DATA SHOWN:
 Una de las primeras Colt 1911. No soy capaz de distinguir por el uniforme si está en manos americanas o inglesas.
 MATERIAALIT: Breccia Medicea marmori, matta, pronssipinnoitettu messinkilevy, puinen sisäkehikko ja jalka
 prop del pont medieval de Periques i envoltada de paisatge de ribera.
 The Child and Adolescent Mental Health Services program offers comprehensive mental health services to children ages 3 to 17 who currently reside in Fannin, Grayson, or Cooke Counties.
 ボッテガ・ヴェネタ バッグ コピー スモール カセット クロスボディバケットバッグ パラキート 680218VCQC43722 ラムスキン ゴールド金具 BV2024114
--
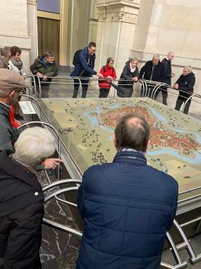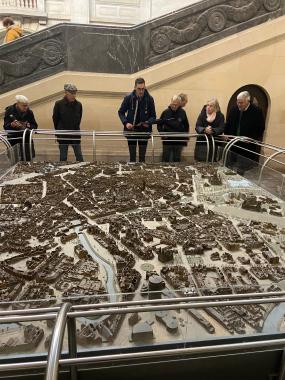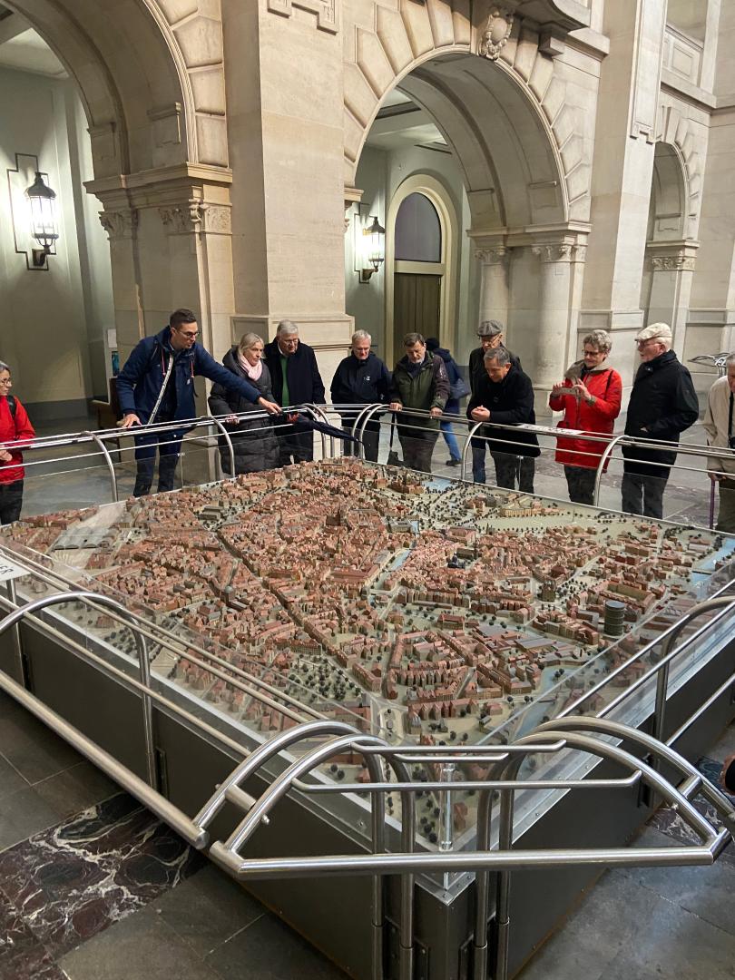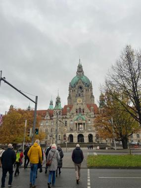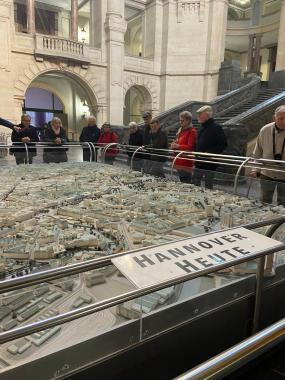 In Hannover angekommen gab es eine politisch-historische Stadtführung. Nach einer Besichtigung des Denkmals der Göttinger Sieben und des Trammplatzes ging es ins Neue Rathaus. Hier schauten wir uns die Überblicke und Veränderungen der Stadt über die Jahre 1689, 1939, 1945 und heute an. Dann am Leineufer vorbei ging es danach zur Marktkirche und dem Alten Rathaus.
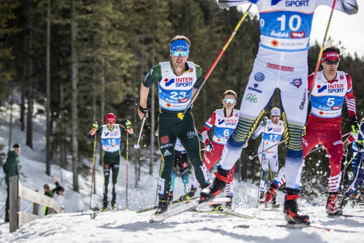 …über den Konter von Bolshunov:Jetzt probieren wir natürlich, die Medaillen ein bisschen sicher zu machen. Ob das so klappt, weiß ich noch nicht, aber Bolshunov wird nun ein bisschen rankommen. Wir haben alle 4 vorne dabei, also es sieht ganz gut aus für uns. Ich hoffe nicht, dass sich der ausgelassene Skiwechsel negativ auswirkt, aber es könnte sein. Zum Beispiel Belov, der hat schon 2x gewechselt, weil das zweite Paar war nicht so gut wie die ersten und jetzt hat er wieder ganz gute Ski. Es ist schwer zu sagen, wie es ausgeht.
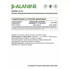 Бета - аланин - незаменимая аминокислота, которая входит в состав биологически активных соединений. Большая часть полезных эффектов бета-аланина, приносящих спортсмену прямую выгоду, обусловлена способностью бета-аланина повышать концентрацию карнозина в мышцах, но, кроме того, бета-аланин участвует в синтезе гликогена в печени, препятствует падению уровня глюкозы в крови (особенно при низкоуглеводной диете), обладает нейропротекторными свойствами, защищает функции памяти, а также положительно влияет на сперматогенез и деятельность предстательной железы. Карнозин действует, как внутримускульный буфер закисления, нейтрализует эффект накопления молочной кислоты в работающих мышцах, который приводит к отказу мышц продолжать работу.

EXERCISE GOAL: Look above for the line holding "The Child and" and the line holding "ボッテガ・ヴェネタ バッグ コピー". Retype both, and every line between them, word for word and nothing else.

ANSWER FOR THIS EXERCISE:
 The Child and Adolescent Mental Health Services program offers comprehensive mental health services to children ages 3 to 17 who currently reside in Fannin, Grayson, or Cooke Counties.
 ボッテガ・ヴェネタ バッグ コピー スモール カセット クロスボディバケットバッグ パラキート 680218VCQC43722 ラムスキン ゴールド金具 BV2024114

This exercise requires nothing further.